Brief
Word for word, give the data again without its pictures.

*** Opening of Supplied data ***

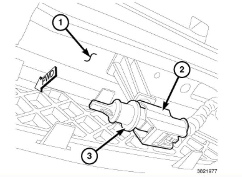4. Reach up between the lower edge of the front fascia and the front of the a/c condenser near the right end of the lower air intake opening to access the ambient temperature sensor (3) just below the front bumper (1).
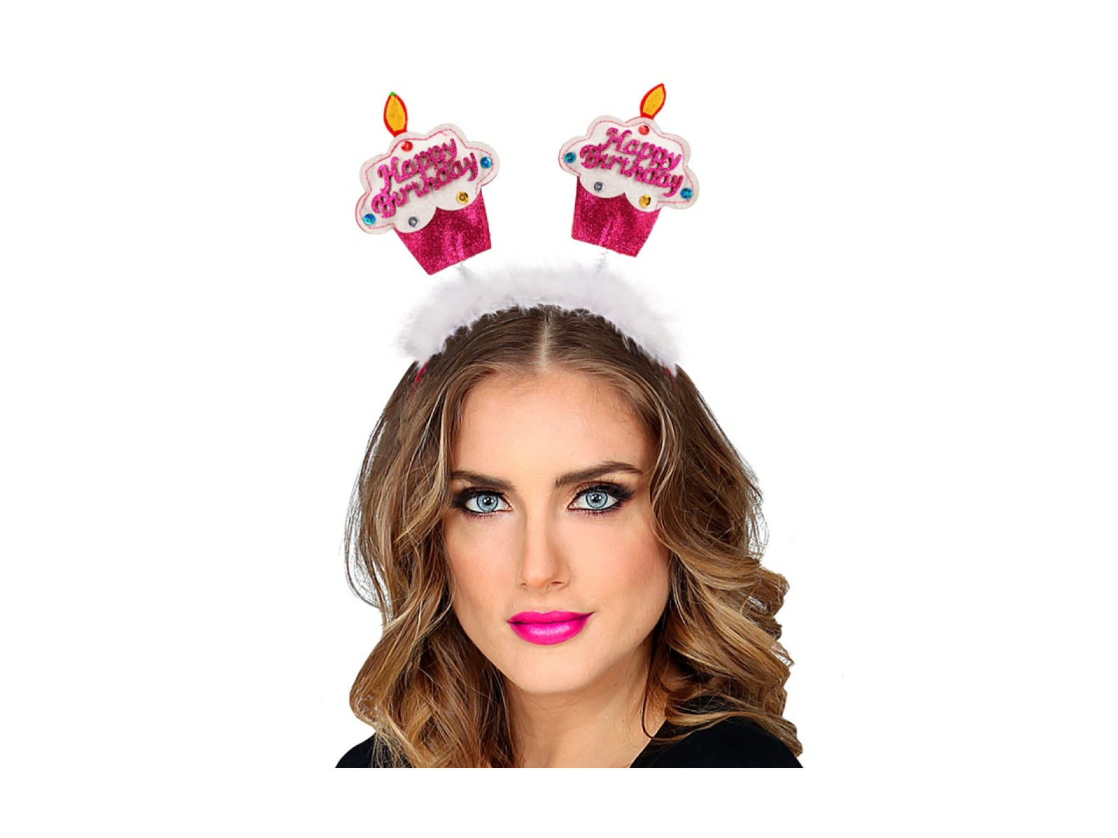 Opaska na głowę z futerkiem - babeczki urodzinowe
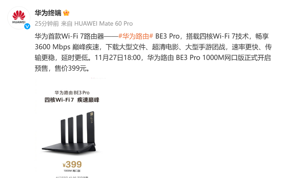 目前,有关这款路由器的其它规格所知不多,但既然华为表示“给你一个更换路由的理由”,而网络设备又是华为的强项,想必各方面表现不会差。

*** Close of Supplied data ***

Result of the task
4. Reach up between the lower edge of the front fascia and the front of the a/c condenser near the right end of the lower air intake opening to access the ambient temperature sensor (3) just below the front bumper (1).
 Opaska na głowę z futerkiem - babeczki urodzinowe
 目前,有关这款路由器的其它规格所知不多,但既然华为表示“给你一个更换路由的理由”,而网络设备又是华为的强项,想必各方面表现不会差。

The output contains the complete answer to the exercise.